Source data:
*** Begin section ***
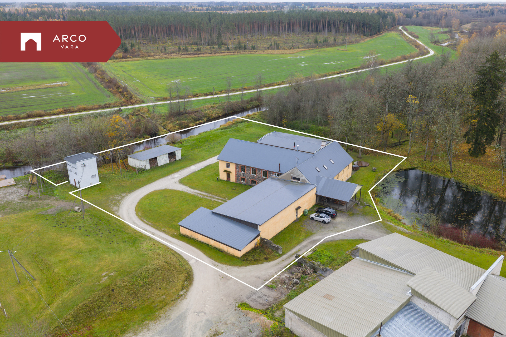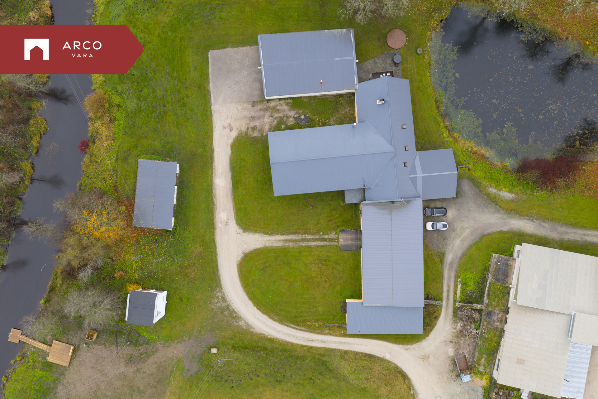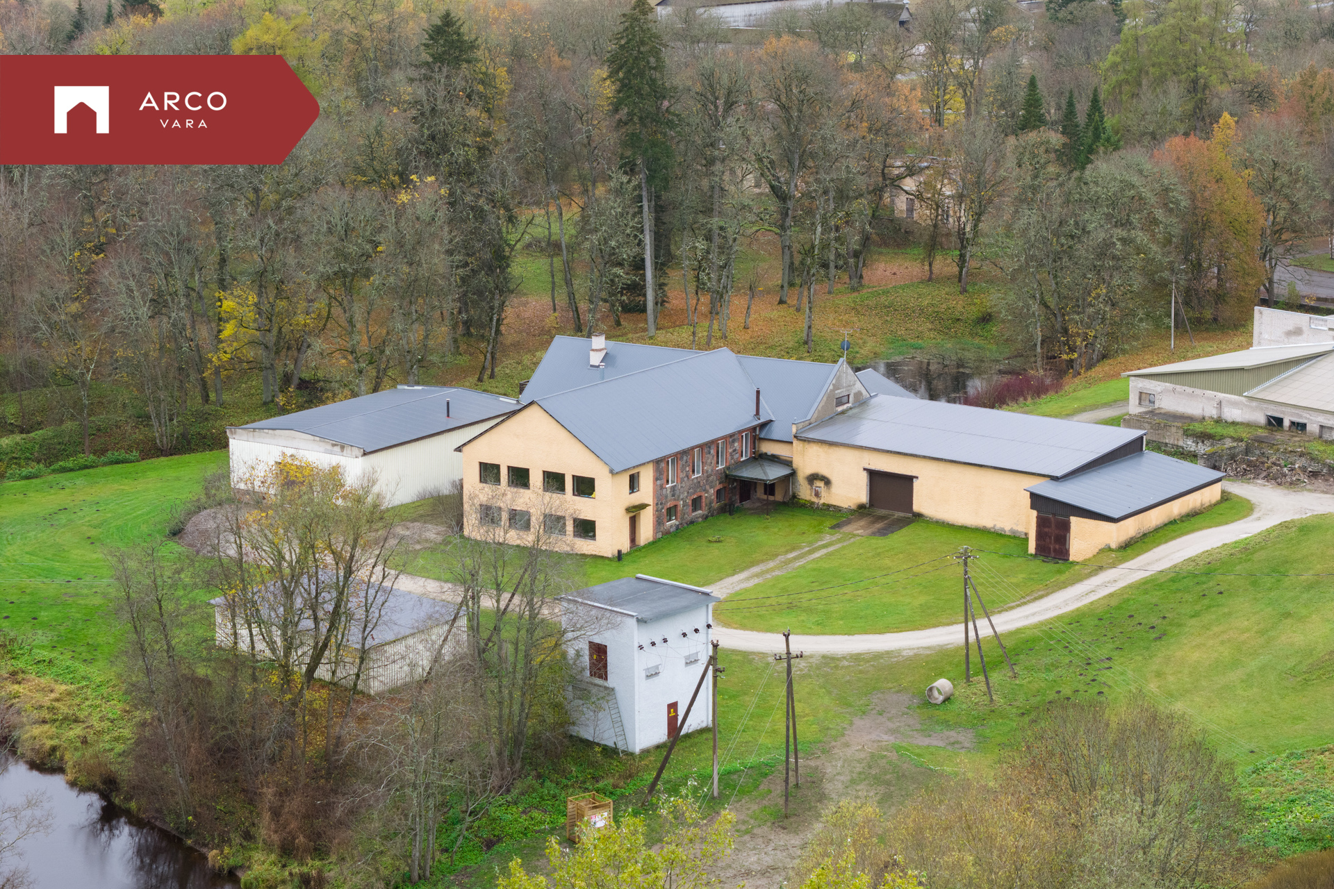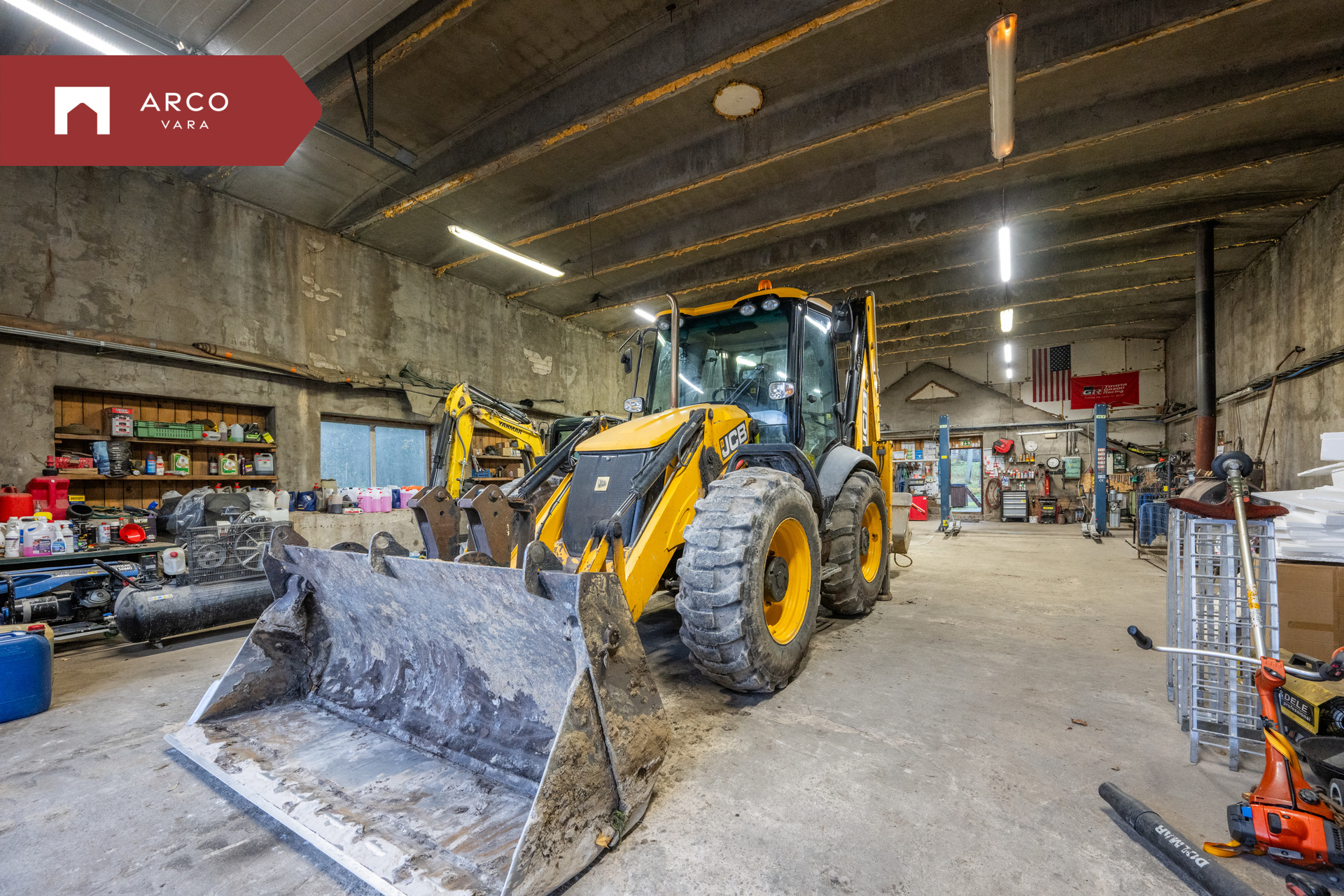 Hoone juurde kuuluvad kaks garaaži – üks suurem 238,8 m² ja teine väiksem 84,7 m².
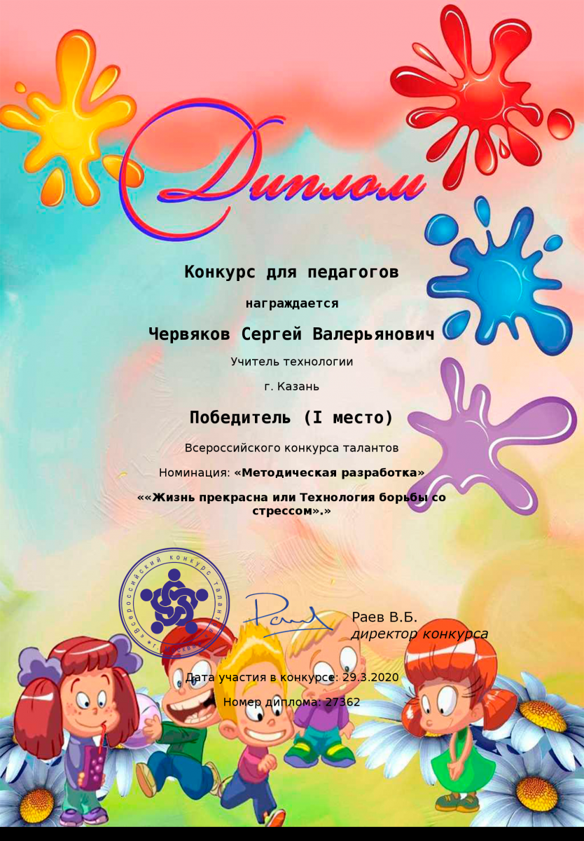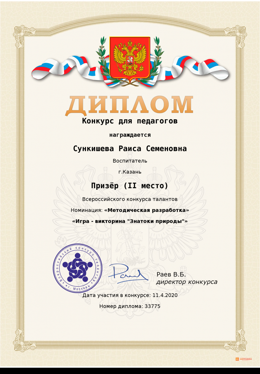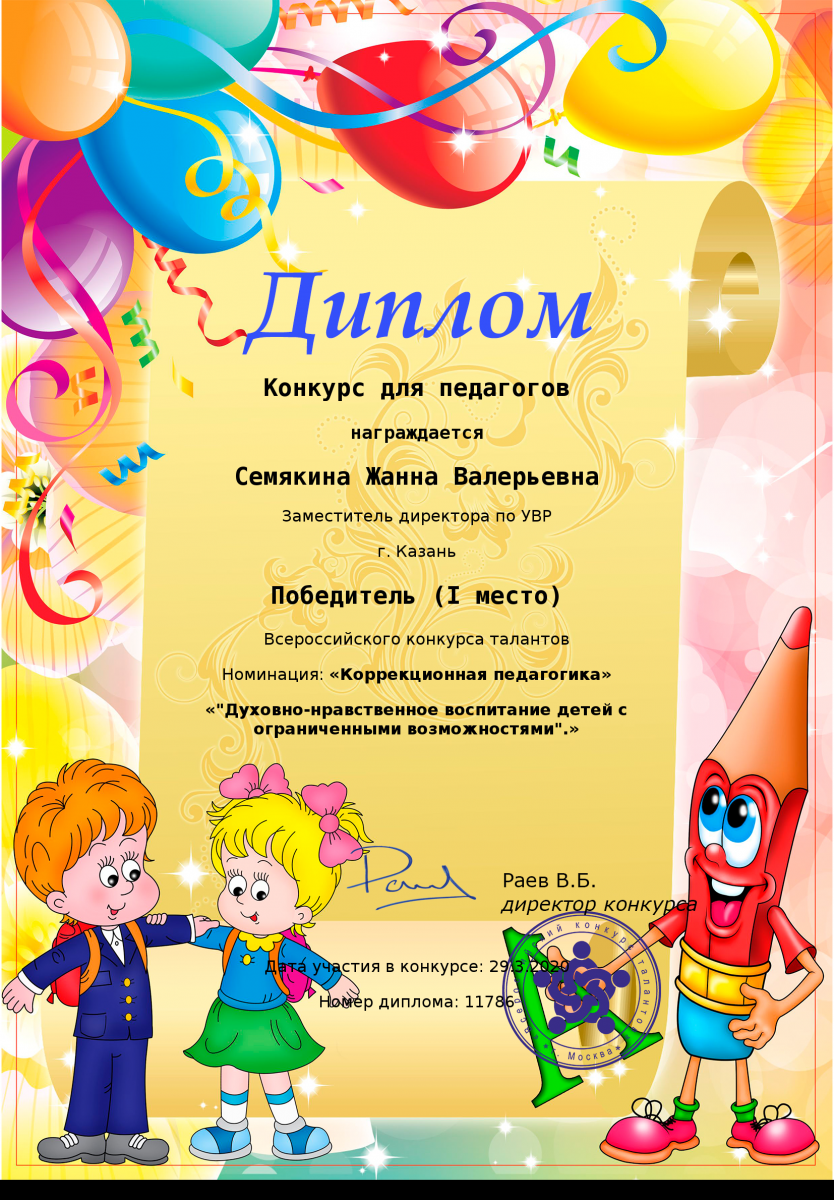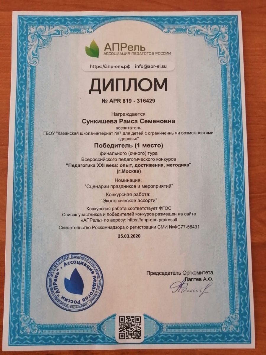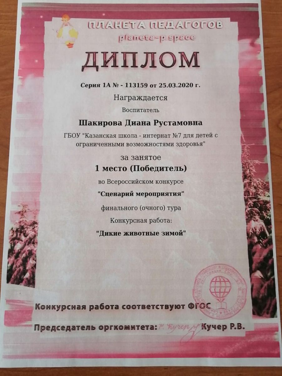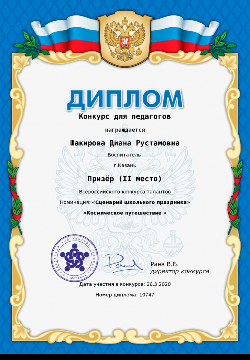 Диплом за 1 место во Всероссийском конкурсе "Сценарий мероприятия" Шакировой Дианы Рустамовны
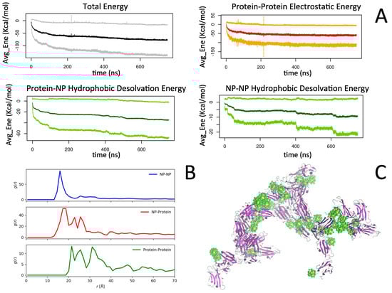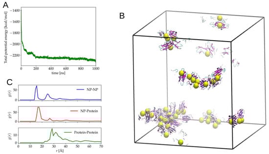 (A) Time evolution of total potential energy dynamic simulations using the MS model. (B) Snapshot of the final configuration. (C) The radial distribution function of the pairs NP-NP, NP-Protein, and Protein-Protein. Protein all-atom reconstruction was performed with PULCHRA [].
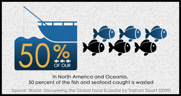 · In North America and Oceania, 50 percent of the fish and seafood caught is wasted
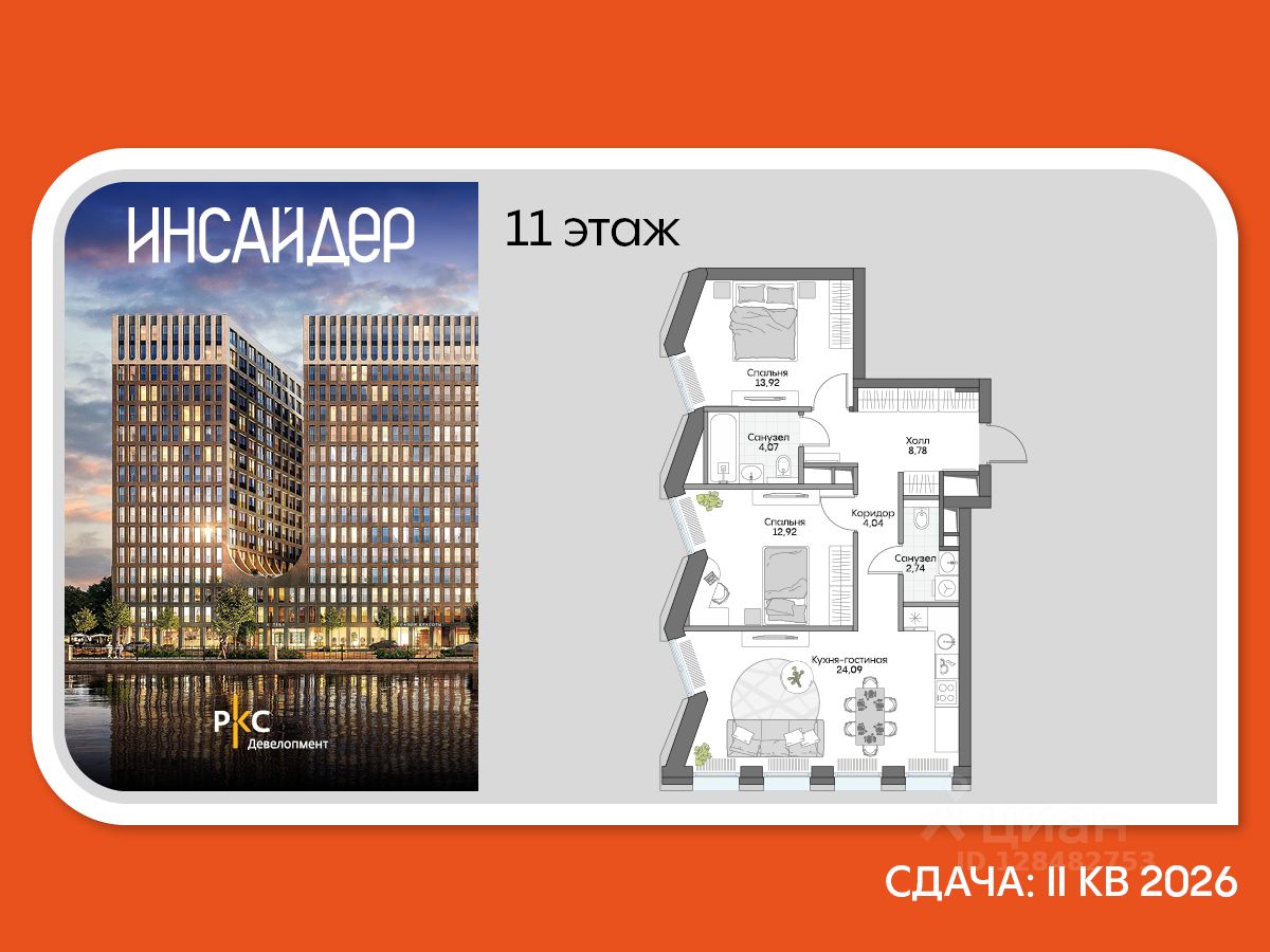 Агентам не звонить. Просторный двухкомнатный лот с отделкой премиум-класса от застройщика в Доме на набережной Инсайдер. Сервисные лоты с системой "умный дом" на первой линии Москвы-реки.
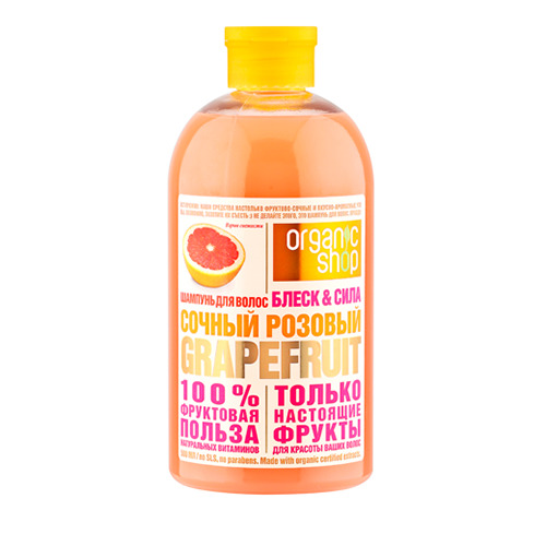 Для деликатного очищения, увлажнения, насыщения питательными веществами, укрепления, существенного улучшения состояния, восстановления жизненных сил тусклых и ослабленных волос в лаборатории косметической марки Organic Shop разработали специальный шампунь Сочный розовый Grapefruit.
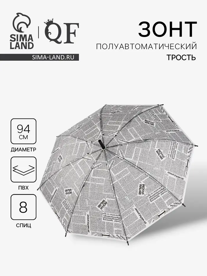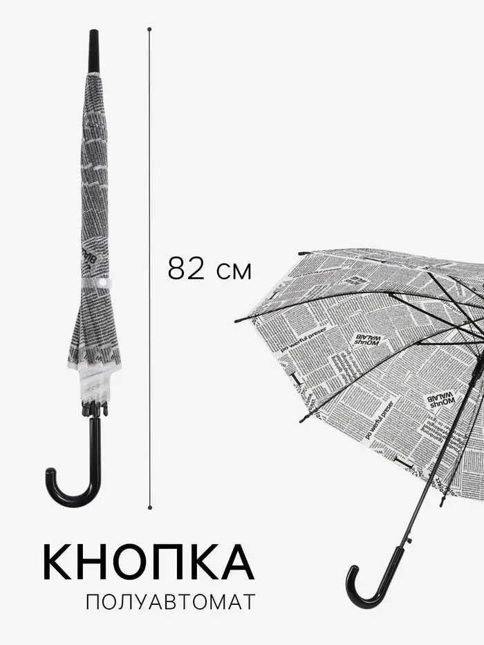Зонт - трость полуавтоматический «Газета», 8 спиц, R=47/54 см, d=94 см, серый
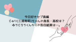 今日好きじゅり(三浦寿莉)ちゃんの身長や高校は?告白の結果は…。【小夏・セブ島編】 今日好きセブ島編に継続メンバーとして出演中のじゅりちゃん。 ゆうじろうくん・こたろうくん・じゅりちゃんが繰り広げる複雑な三角関係はセブ島編の見どころですよね!...
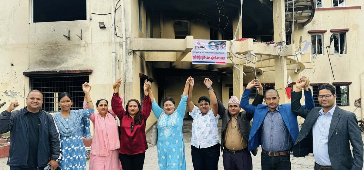 जेन-जी आन्दोलनका क्रममा भएको आगजनीले भग्नावशेषमा परिणत भएको नेकपा एमालेको केन्द्रीय कार्यालय, च्यासलमा कार्यकर्ताहरूले पुनर्निर्माण र पुनर्जागरणको संकल्प व्यक्त गरेका छन्।
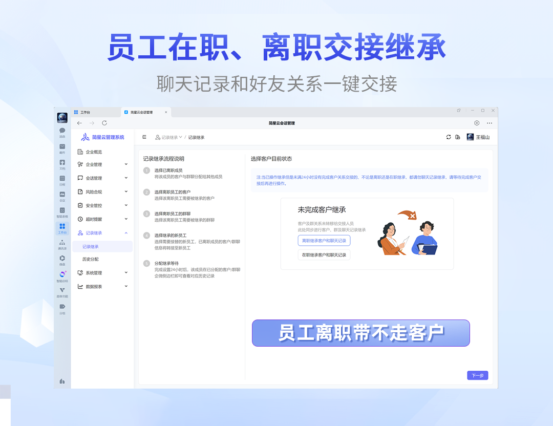 员工离职,聊天记录及客户一键交接
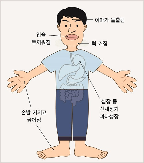 신체 말단이 눈에 띄게 커지는 질병으로 말단비대증이라고도 불린다.
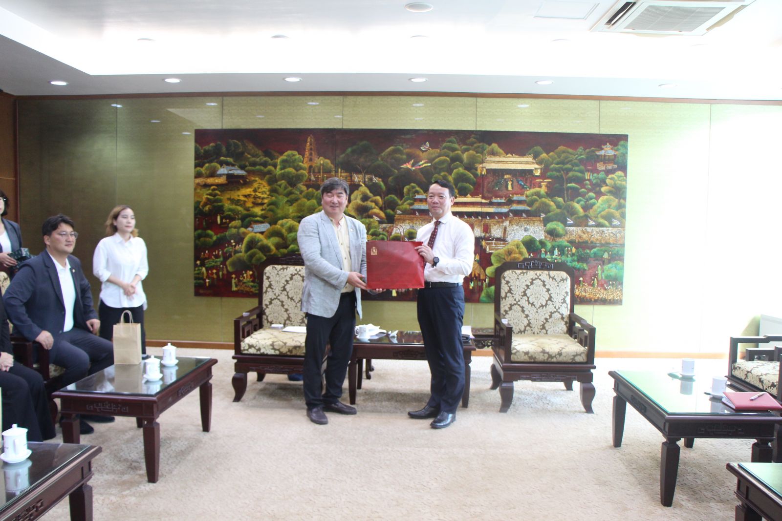 Ông Kim Ji HoonBí trao quà lưu niệm cho Bí thư Thành uỷ Phan Thiên Định (bìa phải)
*** End section ***
Task brief: Copy out the data above exactly, except the pictures.

Solution to this problem:
 Hoone juurde kuuluvad kaks garaaži – üks suurem 238,8 m² ja teine väiksem 84,7 m².
 Диплом за 1 место во Всероссийском конкурсе "Сценарий мероприятия" Шакировой Дианы Рустамовны
 (A) Time evolution of total potential energy dynamic simulations using the MS model. (B) Snapshot of the final configuration. (C) The radial distribution function of the pairs NP-NP, NP-Protein, and Protein-Protein. Protein all-atom reconstruction was performed with PULCHRA [].
 · In North America and Oceania, 50 percent of the fish and seafood caught is wasted
 Агентам не звонить. Просторный двухкомнатный лот с отделкой премиум-класса от застройщика в Доме на набережной Инсайдер. Сервисные лоты с системой "умный дом" на первой линии Москвы-реки.
 Для деликатного очищения, увлажнения, насыщения питательными веществами, укрепления, существенного улучшения состояния, восстановления жизненных сил тусклых и ослабленных волос в лаборатории косметической марки Organic Shop разработали специальный шампунь Сочный розовый Grapefruit.
Зонт - трость полуавтоматический «Газета», 8 спиц, R=47/54 см, d=94 см, серый
 今日好きじゅり(三浦寿莉)ちゃんの身長や高校は?告白の結果は…。【小夏・セブ島編】 今日好きセブ島編に継続メンバーとして出演中のじゅりちゃん。 ゆうじろうくん・こたろうくん・じゅりちゃんが繰り広げる複雑な三角関係はセブ島編の見どころですよね!...
 जेन-जी आन्दोलनका क्रममा भएको आगजनीले भग्नावशेषमा परिणत भएको नेकपा एमालेको केन्द्रीय कार्यालय, च्यासलमा कार्यकर्ताहरूले पुनर्निर्माण र पुनर्जागरणको संकल्प व्यक्त गरेका छन्।
 员工离职,聊天记录及客户一键交接
 신체 말단이 눈에 띄게 커지는 질병으로 말단비대증이라고도 불린다.
 Ông Kim Ji HoonBí trao quà lưu niệm cho Bí thư Thành uỷ Phan Thiên Định (bìa phải)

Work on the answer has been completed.